Connected to the database successfully!


## The Lost Letter

Clerk, my name’s Anneke. I live over at 900 Somerville Avenue. Not long ago, I sent out a special letter. It’s meant for my friend Varsha. She’s starting a new chapter of her life at 2 Finnegan Street, uptown. (That address, let me tell you: it was a bit tricky to get right the first time.) The letter is a congratulatory note—a cheery little paper hug from me to her, to celebrate this big move of hers. Can you check if it’s made its way to her yet?

In [20]:
query = """
SELECT
    scans."package_id",
    scans."action",
    addresses."address",
    addresses."type" AS "address_type",
    packages."contents",
    scans."timestamp" AS "scan_time"
FROM scans
JOIN addresses ON scans."address_id" = addresses."id"
JOIN packages ON packages."id" = scans."package_id"
WHERE packages."from_address_id" = (
        SELECT "id"
        FROM addresses
        WHERE "address" = '900 Somerville Avenue'
    )
    AND packages."contents" LIKE '%congrat%'
ORDER BY "address_type"
;
"""

df = pd.read_sql_query(query, connection)

df

Unnamed: 0,package_id,action,address,address_type,contents,scan_time
0,384,Pick,900 Somerville Avenue,Residential,Congratulatory letter,2023-07-11 19:33:55.241794
1,384,Drop,2 Finnigan Street,Residential,Congratulatory letter,2023-07-11 23:07:04.432178


### Answer

Our investigation of the delivery records shows a discrepancy in the destination address:
- **Original Address**: 2 Finnegan Street
- **Actual Delivery**: 2 Finnigan Street
- **Status**: Delivered
- **Contents**: Congratulatory letter

## The Devious Delivery

Good day to you, deliverer of the mail. You might remember that not too long ago I made my way over from the town of Fiftyville. I gave a certain box into your reliable hands and asked you to keep things low. My associate has been expecting the package for a while now. And yet, it appears to have grown wings and flown away. Ha! Any chance you could help clarify this mystery? Afraid there’s no “From” address.
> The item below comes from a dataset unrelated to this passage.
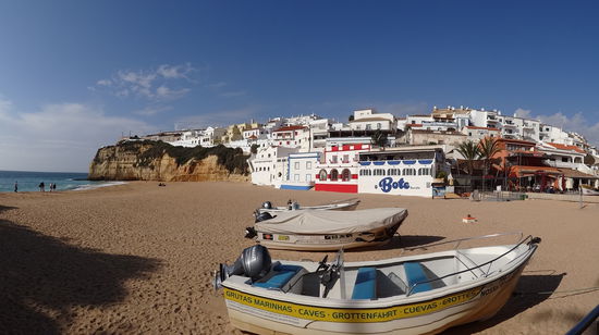 Noch ein paar km weiter östlich, erreicht man den ebenfalls früher kleinen Ort Carvoeiro. Recht malerisch gelegen, direkt an einer kleinen Badebucht, eingerahmt von an den Hängen gebauten Häusern. Dort haben wir uns erst einmal einen Cappuccino schmecken lassen, die Aussicht genossen und eine Weile in der Sonne gesessen, bevor wir dann weiter bis an die Badebucht Vale de Centeanes gefahren sind, um dort noch ein paar Fotos zu machen. Nun war es schon Nachmittag, und wir sind gemütlich zurück in unser Apartment. Dort gab es dann später gebratenen Lachs mit Salat und Curryreis.......

It’s the kind of parcel that would add a bit more… quack to someone’s bath times, if you catch my drift.

In [21]:
query = """
SELECT
    scans."package_id",
    scans."action",
    addresses."address",
    addresses."type" AS "address_type",
    packages."contents",
    scans."timestamp" AS "scan_time"
FROM scans
JOIN addresses ON scans."address_id" = addresses."id"
JOIN packages ON packages."id" = scans."package_id"
WHERE packages."from_address_id" IS NULL
ORDER BY "address_type"
;
"""



df = pd.read_sql_query(query, connection)

df

Unnamed: 0,package_id,action,address,address_type,contents,scan_time
0,5098,Drop,7 Humboldt Place,Police Station,Duck debugger,2023-10-24 10:08:55.610754
1,5098,Pick,123 Sesame Street,Residential,Duck debugger,2023-10-24 08:40:16.246648


### Answer

The tracking data reveals the following package details:
- **Package ID**: 5098
- **Contents**: Duck debugger
- **Current Location**: 7 Humboldt Place (Police Station)
- **Timeline**:
  1. Picked up: 123 Sesame Street at 08:40:16 (Oct 24, 2023)
  2. Delivered: Police Station at 10:08:55 (Oct 24, 2023)
- **Status**: Under police custody

## The Forgotten Gift

Oh, excuse me, Clerk. I had sent a mystery gift, you see, to my wonderful granddaughter, off at 728 Maple Place. That was about two weeks ago. Now the delivery date has passed by seven whole days and I hear she still waits, her hands empty and heart filled with anticipation. I’m a bit worried wondering where my package has gone. I cannot for the life of me remember what’s inside, but I do know it’s filled to the brim with my love for her. Can we possibly track it down so it can fill her day with joy? I did send it from my home at 109 Tileston Street.

In [22]:
query = """
SELECT
    scans."package_id",
    scans."action",
    addresses."address",
    addresses."type" AS "address_type",
    packages."contents",
    scans."timestamp" AS "scan_time"
FROM scans
JOIN addresses ON scans."address_id" = addresses."id"
JOIN packages ON packages."id" = scans."package_id"
WHERE packages."from_address_id" = (
    SELECT "id"
    FROM addresses
    WHERE address = '109 Tileston Street'
    ) AND packages."to_address_id" = (
    SELECT "id"
    FROM addresses
    WHERE address = '728 Maple Place'
    )
ORDER BY "address_type"
;
"""



df = pd.read_sql_query(query, connection)

df

Unnamed: 0,package_id,action,address,address_type,contents,scan_time
0,9523,Pick,109 Tileston Street,Residential,Flowers,2023-08-16 21:41:43.219831
1,9523,Drop,950 Brannon Harris Way,Warehouse,Flowers,2023-08-17 03:31:36.856889
2,9523,Pick,950 Brannon Harris Way,Warehouse,Flowers,2023-08-23 19:41:47.913410


Investigation of the delivery records shows:
- **Package ID**: 9523
- **Contents**: Flowers
- **Shipping Timeline**:
  1. Picked up from 109 Tileston Street (Aug 16, 21:41)
  2. Delivered to warehouse at 950 Brannon Harris Way (Aug 17, 03:31)
  3. Remained in warehouse for 6 days
- **Status**: Delayed in transit
- **Impact**: Due to the extended warehouse storage time, the floral delivery has likely been compromised

### Disconnecting from the Database

In [23]:
connection.close()